#### [What to do]
After locating "Des aigles pêcheurs" in the listing below, copy that line and each one after it exactly, ending with the line that has "Custom Logo Design".

#### [Extracted information]
• • • •

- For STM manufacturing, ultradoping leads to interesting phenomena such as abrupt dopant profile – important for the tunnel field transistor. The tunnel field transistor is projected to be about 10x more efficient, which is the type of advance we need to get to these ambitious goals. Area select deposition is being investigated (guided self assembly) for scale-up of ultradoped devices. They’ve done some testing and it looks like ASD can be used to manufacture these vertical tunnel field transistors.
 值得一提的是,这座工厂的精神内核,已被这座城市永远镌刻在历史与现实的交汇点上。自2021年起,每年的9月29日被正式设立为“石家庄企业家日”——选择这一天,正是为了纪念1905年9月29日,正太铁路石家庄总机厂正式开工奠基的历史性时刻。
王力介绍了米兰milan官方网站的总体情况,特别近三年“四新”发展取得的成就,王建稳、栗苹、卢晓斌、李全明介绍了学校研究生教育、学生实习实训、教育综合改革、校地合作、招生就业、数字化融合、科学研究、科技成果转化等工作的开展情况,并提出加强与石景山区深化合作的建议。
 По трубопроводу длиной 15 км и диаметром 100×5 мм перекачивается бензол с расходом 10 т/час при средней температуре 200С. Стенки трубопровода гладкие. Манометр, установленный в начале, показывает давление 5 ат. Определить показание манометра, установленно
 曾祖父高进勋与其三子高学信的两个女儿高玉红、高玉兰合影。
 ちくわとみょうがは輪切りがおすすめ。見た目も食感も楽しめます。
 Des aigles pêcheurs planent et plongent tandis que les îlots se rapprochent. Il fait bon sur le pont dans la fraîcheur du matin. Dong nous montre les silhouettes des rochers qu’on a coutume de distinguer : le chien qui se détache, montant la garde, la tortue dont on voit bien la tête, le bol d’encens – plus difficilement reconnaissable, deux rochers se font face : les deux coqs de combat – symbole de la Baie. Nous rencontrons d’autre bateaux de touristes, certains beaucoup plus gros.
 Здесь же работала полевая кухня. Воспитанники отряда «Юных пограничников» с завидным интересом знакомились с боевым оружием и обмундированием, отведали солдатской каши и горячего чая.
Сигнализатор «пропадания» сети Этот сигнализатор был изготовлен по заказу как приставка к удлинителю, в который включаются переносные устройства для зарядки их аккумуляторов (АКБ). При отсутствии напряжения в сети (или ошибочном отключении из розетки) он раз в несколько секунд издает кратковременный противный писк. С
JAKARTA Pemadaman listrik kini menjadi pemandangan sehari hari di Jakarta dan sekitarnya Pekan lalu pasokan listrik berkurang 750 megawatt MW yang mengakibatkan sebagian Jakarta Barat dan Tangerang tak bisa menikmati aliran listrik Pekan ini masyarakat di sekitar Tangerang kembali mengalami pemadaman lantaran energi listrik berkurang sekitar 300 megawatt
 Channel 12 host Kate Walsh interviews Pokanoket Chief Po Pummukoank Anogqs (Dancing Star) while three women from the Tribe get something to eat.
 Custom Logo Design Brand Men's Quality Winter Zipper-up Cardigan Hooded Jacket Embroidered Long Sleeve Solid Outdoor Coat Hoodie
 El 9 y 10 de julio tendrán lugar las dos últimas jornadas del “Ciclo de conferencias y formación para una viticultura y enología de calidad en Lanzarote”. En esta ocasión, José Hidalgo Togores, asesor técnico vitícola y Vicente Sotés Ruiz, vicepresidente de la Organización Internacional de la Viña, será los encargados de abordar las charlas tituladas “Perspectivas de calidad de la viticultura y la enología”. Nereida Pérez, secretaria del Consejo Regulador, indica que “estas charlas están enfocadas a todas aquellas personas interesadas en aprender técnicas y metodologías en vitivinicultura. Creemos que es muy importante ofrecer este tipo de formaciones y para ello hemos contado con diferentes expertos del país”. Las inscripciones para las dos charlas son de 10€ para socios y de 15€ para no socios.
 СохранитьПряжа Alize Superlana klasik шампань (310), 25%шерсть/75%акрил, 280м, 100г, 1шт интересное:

• • • •

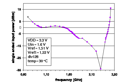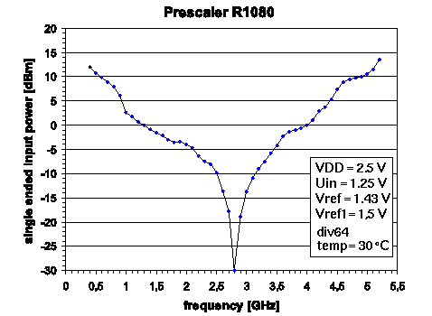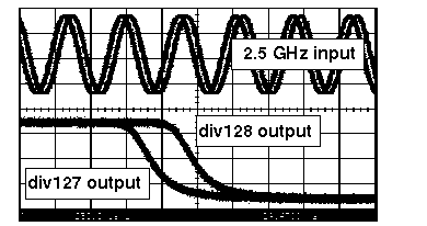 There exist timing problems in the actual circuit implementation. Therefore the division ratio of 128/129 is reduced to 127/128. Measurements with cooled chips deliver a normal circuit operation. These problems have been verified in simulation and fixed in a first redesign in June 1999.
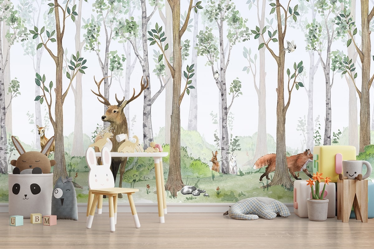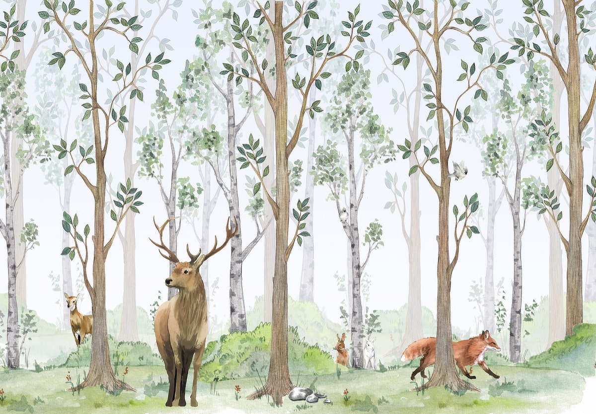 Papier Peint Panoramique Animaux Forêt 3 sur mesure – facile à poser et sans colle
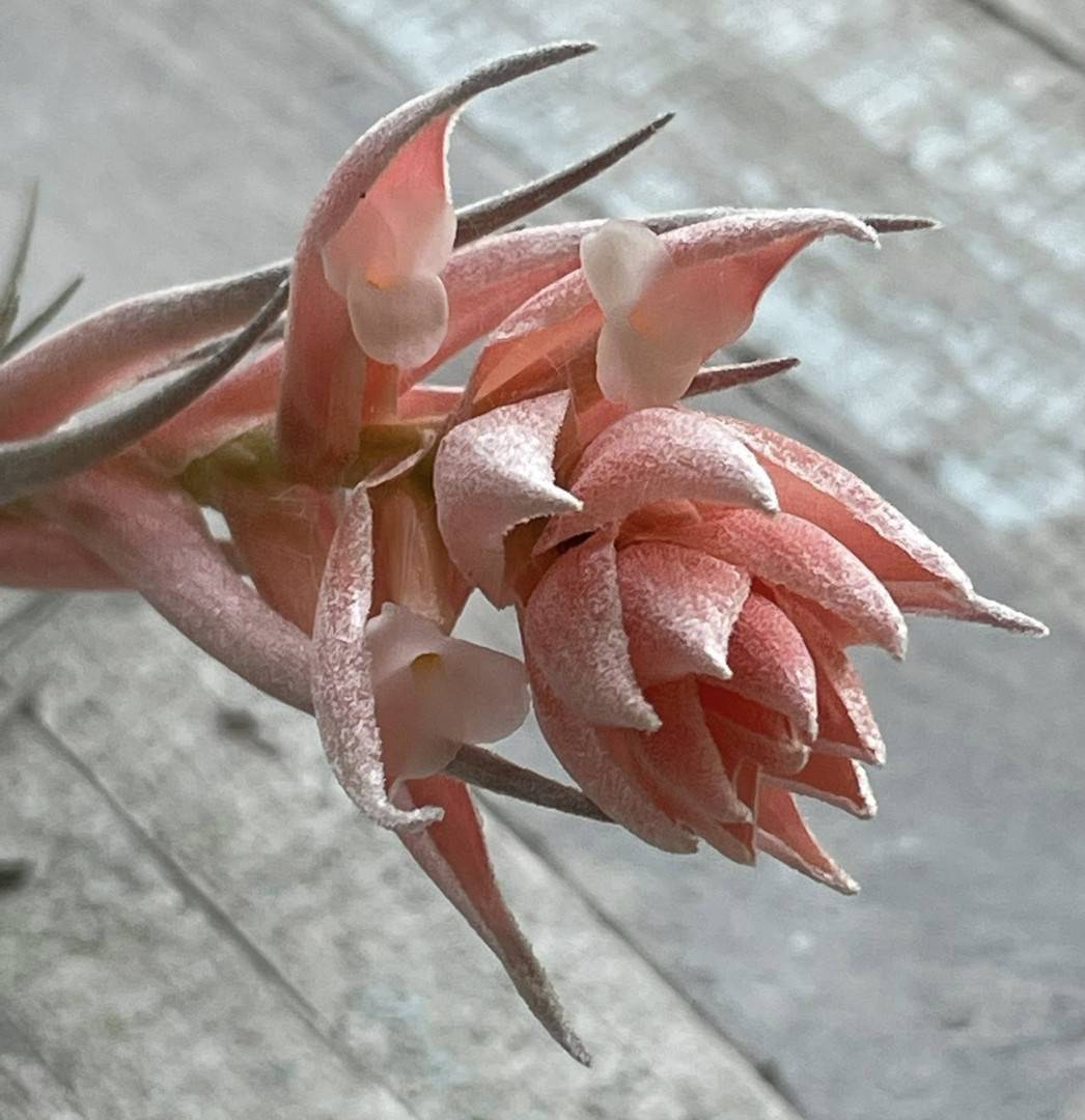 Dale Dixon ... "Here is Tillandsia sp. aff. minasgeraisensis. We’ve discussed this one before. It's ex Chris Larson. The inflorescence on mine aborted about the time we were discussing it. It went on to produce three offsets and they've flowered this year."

• • • •

#### [Output below]
 Des aigles pêcheurs planent et plongent tandis que les îlots se rapprochent. Il fait bon sur le pont dans la fraîcheur du matin. Dong nous montre les silhouettes des rochers qu’on a coutume de distinguer : le chien qui se détache, montant la garde, la tortue dont on voit bien la tête, le bol d’encens – plus difficilement reconnaissable, deux rochers se font face : les deux coqs de combat – symbole de la Baie. Nous rencontrons d’autre bateaux de touristes, certains beaucoup plus gros.
 Здесь же работала полевая кухня. Воспитанники отряда «Юных пограничников» с завидным интересом знакомились с боевым оружием и обмундированием, отведали солдатской каши и горячего чая.
Сигнализатор «пропадания» сети Этот сигнализатор был изготовлен по заказу как приставка к удлинителю, в который включаются переносные устройства для зарядки их аккумуляторов (АКБ). При отсутствии напряжения в сети (или ошибочном отключении из розетки) он раз в несколько секунд издает кратковременный противный писк. С
JAKARTA Pemadaman listrik kini menjadi pemandangan sehari hari di Jakarta dan sekitarnya Pekan lalu pasokan listrik berkurang 750 megawatt MW yang mengakibatkan sebagian Jakarta Barat dan Tangerang tak bisa menikmati aliran listrik Pekan ini masyarakat di sekitar Tangerang kembali mengalami pemadaman lantaran energi listrik berkurang sekitar 300 megawatt
 Channel 12 host Kate Walsh interviews Pokanoket Chief Po Pummukoank Anogqs (Dancing Star) while three women from the Tribe get something to eat.
 Custom Logo Design Brand Men's Quality Winter Zipper-up Cardigan Hooded Jacket Embroidered Long Sleeve Solid Outdoor Coat Hoodie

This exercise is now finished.